One recent reservoir characterization project was performed in the Nile Delta, Northern Egypt, where proven gas reserves are estimated at 42 Tcf. The main reservoirs are deepwater plays of young Tertiary slope-channel complex. The reservoir distribution is mainly controlled by the hinge line created during the Cretaceous age through vertical aggradations of the shelf-edge along the steep fault-bounded shelf-slope break. The holistic reservoir characterization offers the client the needed information of lithology and fluid, not only for the reservoirs but also for the overburden and underburden formations. Figure 2 demonstrates the result of 3-D lithology and pay volumes from the project. The lithology volume is color-coded for sand, shale, and carbonates classification as well as for sand reservoir quality. The pay volumes of 3-D geobodies in red are extracted using proper cut-off ranges of density and Poisson’s Ratio from the petrophysical evaluation of calibration wells. The 3-D geobodies with various rock and fluid properties can then be integrated to build the 3-D subsurface earth model for geological characterization and a reservoir model for reservoir characterization and simulation.

Production workflow

Once all the original digital data are properly quality-controlled, conditioned, and integrated after processing and imaging, 3-D rock and fluid properties can be reliably predicted from inversion. The next step in the workflow for holistic reservoir characterization is to build the reservoir model using those 3-D volumes of predicted rock and fluid parameters that reflect realistic spatial distribution and heterogeneity. Thanks to the leading-edge technology of calibrated prestack inversion and statistical approach, which generates a range of properties, reservoir simulation can be tested with different scenarios from a statistical solution for better history matching with production data.

Furthermore, for better holistic reservoir characterization, 4-D seismic can be acquired to monitor the production and fluid front movement further refining the reservoir model for production and cash flow management as illustrated in Figure 3.

Conclusions

There are many tools and technologies to help reservoir characterization.

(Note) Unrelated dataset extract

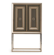 AICO Furniture Madison 2pc Bar KD in Glistening Gold LFR-MDSN500K-827. Succumb to the Madison Bar's charm. Bronzed doors open to reveal a world of shelved secrets, offering an intoxicating blend of sophistication and functionality. Raise a glass to exceptional taste and design. Cheers!
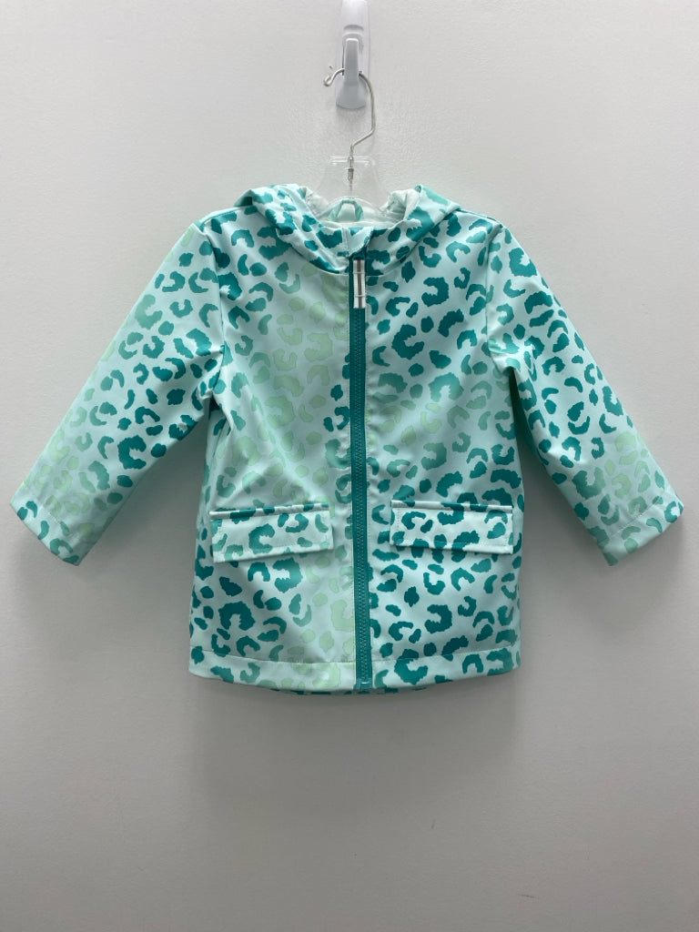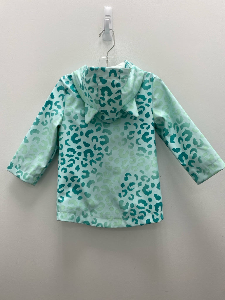 Cat & Jack SIZE 2T Aqua Teal Green Animal Print Zip Down Girl's Raincoat

The holistic approach starts with raw digital data, quality control, and rigorous data conditioning to ensure the data integrity before any processing and analysis. Next is the application of digital data fusion, such as calibrated prestack seismic inversion with well, geological, and production controls to accurately characterize the rock and fluid properties that truly represent the spatial distribution and the heterogeneity of a formation — 3-D subsurface models for reservoirs and surrounding rock formations to understand the geological setting. A detailed, realistic 3-D reservoir model can then be constructed for simulation and history matching to minimize the risk and maximize the production. Finally, the holistic reservoir characterization can employ 4-D seismic to monitor production and fluid flows, plan injection and infill wells, and detect any subsidence for well stability and damage control. This holistic reservoir characterization can be an invaluable methodology for E&P.